(RECORDS PROVIDED begins)
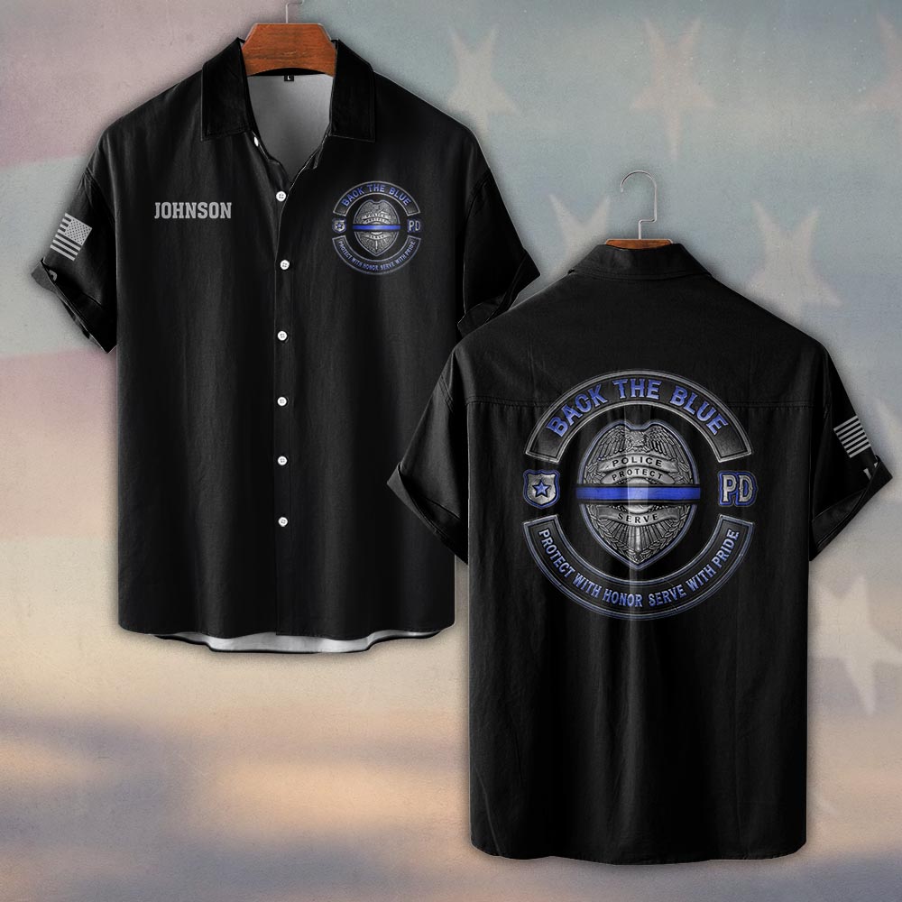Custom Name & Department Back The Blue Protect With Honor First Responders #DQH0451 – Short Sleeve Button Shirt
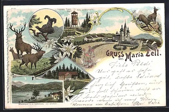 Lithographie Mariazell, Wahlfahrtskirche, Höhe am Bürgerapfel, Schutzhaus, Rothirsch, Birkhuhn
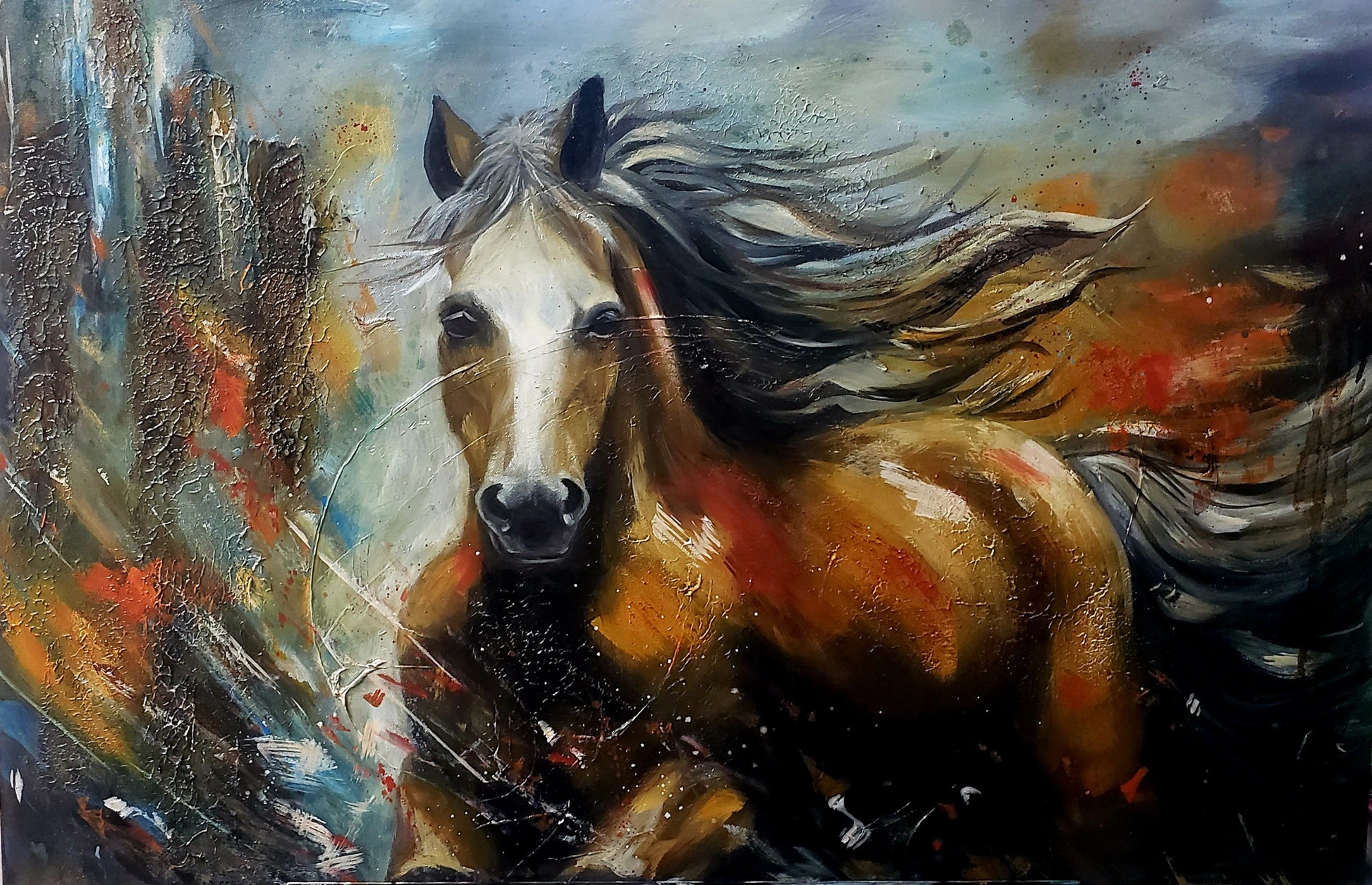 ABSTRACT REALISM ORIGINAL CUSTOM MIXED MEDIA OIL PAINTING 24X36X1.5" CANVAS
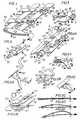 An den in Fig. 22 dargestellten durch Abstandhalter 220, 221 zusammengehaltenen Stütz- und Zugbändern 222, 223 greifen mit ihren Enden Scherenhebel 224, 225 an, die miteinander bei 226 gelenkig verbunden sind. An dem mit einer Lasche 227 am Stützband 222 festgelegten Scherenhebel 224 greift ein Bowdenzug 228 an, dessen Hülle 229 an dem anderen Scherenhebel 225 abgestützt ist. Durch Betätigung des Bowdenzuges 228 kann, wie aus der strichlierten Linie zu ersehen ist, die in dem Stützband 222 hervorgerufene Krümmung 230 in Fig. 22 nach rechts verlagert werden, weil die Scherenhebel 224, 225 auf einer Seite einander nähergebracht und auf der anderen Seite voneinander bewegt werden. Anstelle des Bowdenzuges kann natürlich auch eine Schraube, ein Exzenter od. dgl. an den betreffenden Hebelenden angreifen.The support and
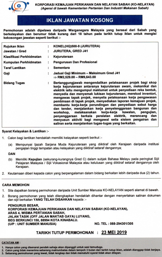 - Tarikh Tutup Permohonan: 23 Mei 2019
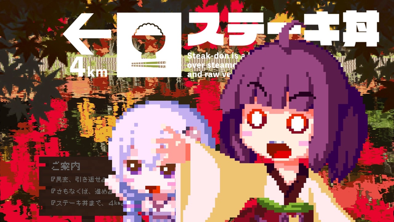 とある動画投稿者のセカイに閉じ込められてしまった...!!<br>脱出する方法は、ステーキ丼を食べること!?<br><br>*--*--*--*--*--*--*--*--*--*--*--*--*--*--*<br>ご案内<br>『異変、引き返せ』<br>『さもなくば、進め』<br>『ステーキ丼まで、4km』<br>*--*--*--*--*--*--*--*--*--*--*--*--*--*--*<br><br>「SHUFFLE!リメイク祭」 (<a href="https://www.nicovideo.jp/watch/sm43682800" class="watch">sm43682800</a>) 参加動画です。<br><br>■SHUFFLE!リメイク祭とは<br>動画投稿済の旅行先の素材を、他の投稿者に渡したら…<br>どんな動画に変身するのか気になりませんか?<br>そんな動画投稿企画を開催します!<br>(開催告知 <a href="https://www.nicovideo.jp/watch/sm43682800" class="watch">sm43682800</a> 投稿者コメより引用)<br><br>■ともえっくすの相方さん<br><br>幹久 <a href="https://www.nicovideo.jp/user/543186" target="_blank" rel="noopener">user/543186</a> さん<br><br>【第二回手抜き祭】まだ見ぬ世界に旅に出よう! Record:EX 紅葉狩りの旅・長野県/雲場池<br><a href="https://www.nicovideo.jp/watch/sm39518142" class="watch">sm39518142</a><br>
(RECORDS PROVIDED ends)
YOUR OBJECTIVE: Only the lines from the top of the data through the line with "- Tarikh Tutup Permohonan: 23 Mei 2019" should be quoted, exactly and with both ends kept; skip the pictures.

TASK RESULT:
Custom Name & Department Back The Blue Protect With Honor First Responders #DQH0451 – Short Sleeve Button Shirt
 Lithographie Mariazell, Wahlfahrtskirche, Höhe am Bürgerapfel, Schutzhaus, Rothirsch, Birkhuhn
 ABSTRACT REALISM ORIGINAL CUSTOM MIXED MEDIA OIL PAINTING 24X36X1.5" CANVAS
 An den in Fig. 22 dargestellten durch Abstandhalter 220, 221 zusammengehaltenen Stütz- und Zugbändern 222, 223 greifen mit ihren Enden Scherenhebel 224, 225 an, die miteinander bei 226 gelenkig verbunden sind. An dem mit einer Lasche 227 am Stützband 222 festgelegten Scherenhebel 224 greift ein Bowdenzug 228 an, dessen Hülle 229 an dem anderen Scherenhebel 225 abgestützt ist. Durch Betätigung des Bowdenzuges 228 kann, wie aus der strichlierten Linie zu ersehen ist, die in dem Stützband 222 hervorgerufene Krümmung 230 in Fig. 22 nach rechts verlagert werden, weil die Scherenhebel 224, 225 auf einer Seite einander nähergebracht und auf der anderen Seite voneinander bewegt werden. Anstelle des Bowdenzuges kann natürlich auch eine Schraube, ein Exzenter od. dgl. an den betreffenden Hebelenden angreifen.The support and
 - Tarikh Tutup Permohonan: 23 Mei 2019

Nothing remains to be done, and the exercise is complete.